WORK TASK: Would you give the entries again word for word, with no pictures in the copy?

SUPPLIED INFORMATION:

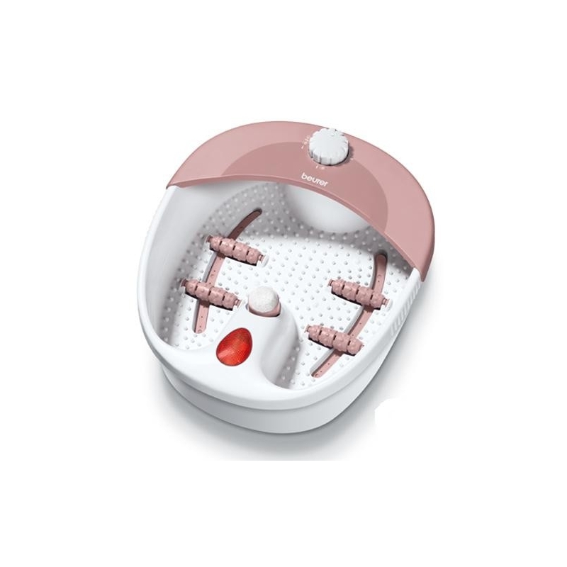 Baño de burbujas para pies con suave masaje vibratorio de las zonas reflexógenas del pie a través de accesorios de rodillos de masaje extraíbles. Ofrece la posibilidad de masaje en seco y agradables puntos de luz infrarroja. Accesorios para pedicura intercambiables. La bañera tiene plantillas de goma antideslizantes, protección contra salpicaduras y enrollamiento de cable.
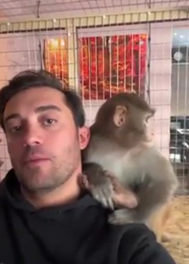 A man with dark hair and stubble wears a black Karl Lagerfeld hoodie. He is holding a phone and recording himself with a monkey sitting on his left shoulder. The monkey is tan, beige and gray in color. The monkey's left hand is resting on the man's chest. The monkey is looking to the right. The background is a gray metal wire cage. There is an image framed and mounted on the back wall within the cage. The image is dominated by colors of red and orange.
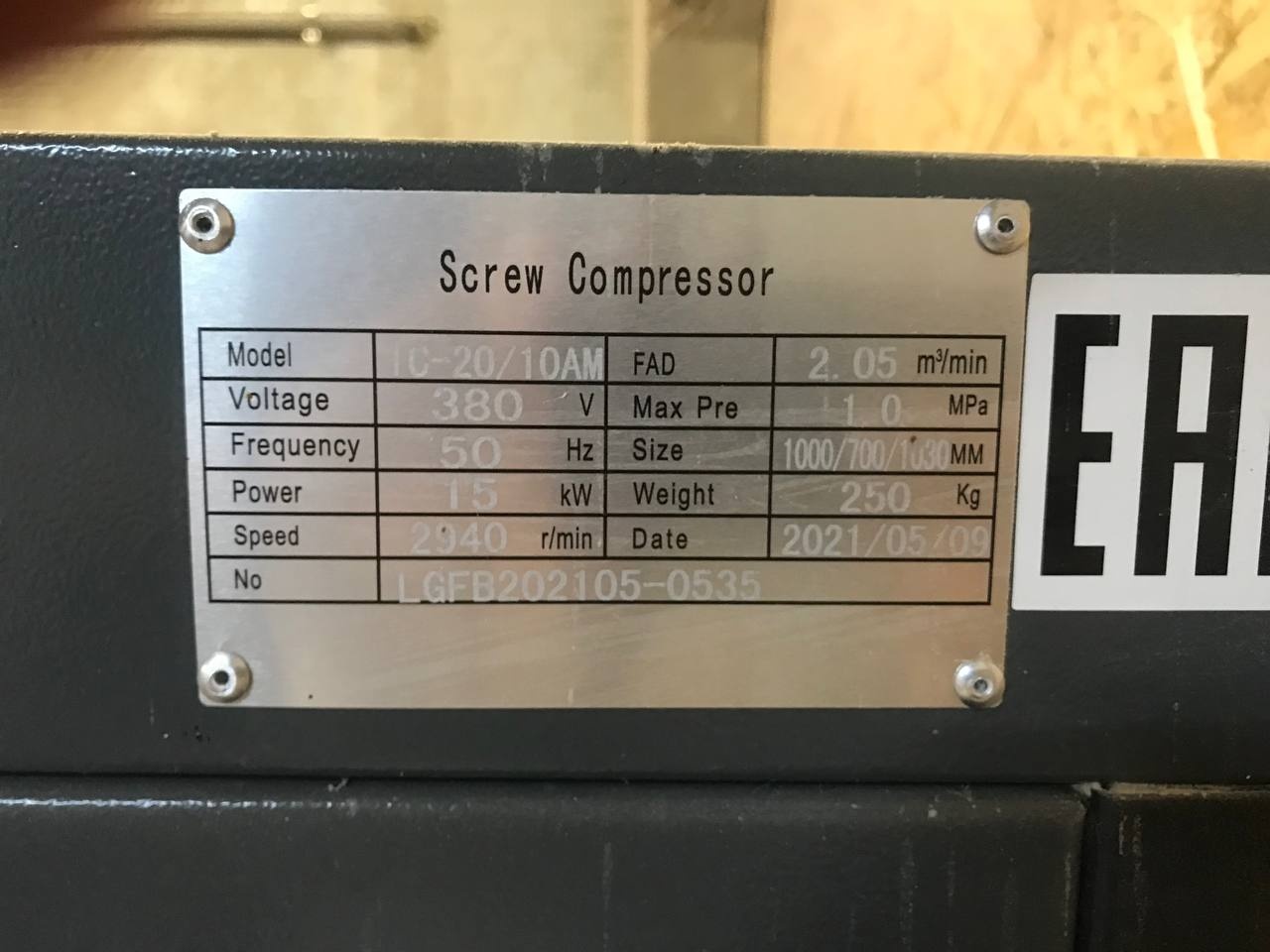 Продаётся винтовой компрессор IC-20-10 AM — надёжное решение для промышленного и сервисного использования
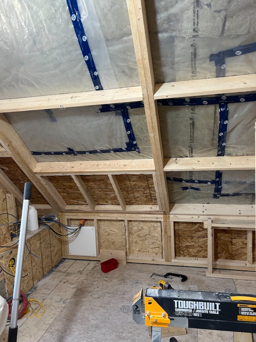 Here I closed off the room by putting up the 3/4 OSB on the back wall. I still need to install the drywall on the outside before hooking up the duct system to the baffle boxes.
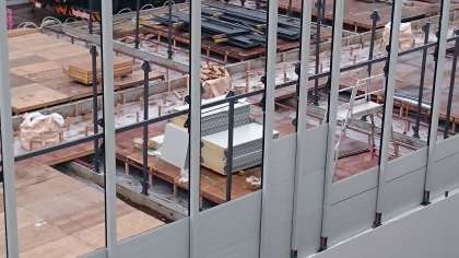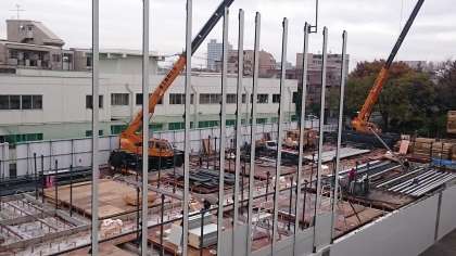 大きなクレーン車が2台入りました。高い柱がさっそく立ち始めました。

EXERCISE RESPONSE:
 Baño de burbujas para pies con suave masaje vibratorio de las zonas reflexógenas del pie a través de accesorios de rodillos de masaje extraíbles. Ofrece la posibilidad de masaje en seco y agradables puntos de luz infrarroja. Accesorios para pedicura intercambiables. La bañera tiene plantillas de goma antideslizantes, protección contra salpicaduras y enrollamiento de cable.
 A man with dark hair and stubble wears a black Karl Lagerfeld hoodie. He is holding a phone and recording himself with a monkey sitting on his left shoulder. The monkey is tan, beige and gray in color. The monkey's left hand is resting on the man's chest. The monkey is looking to the right. The background is a gray metal wire cage. There is an image framed and mounted on the back wall within the cage. The image is dominated by colors of red and orange.
 Продаётся винтовой компрессор IC-20-10 AM — надёжное решение для промышленного и сервисного использования
 Here I closed off the room by putting up the 3/4 OSB on the back wall. I still need to install the drywall on the outside before hooking up the duct system to the baffle boxes.
 大きなクレーン車が2台入りました。高い柱がさっそく立ち始めました。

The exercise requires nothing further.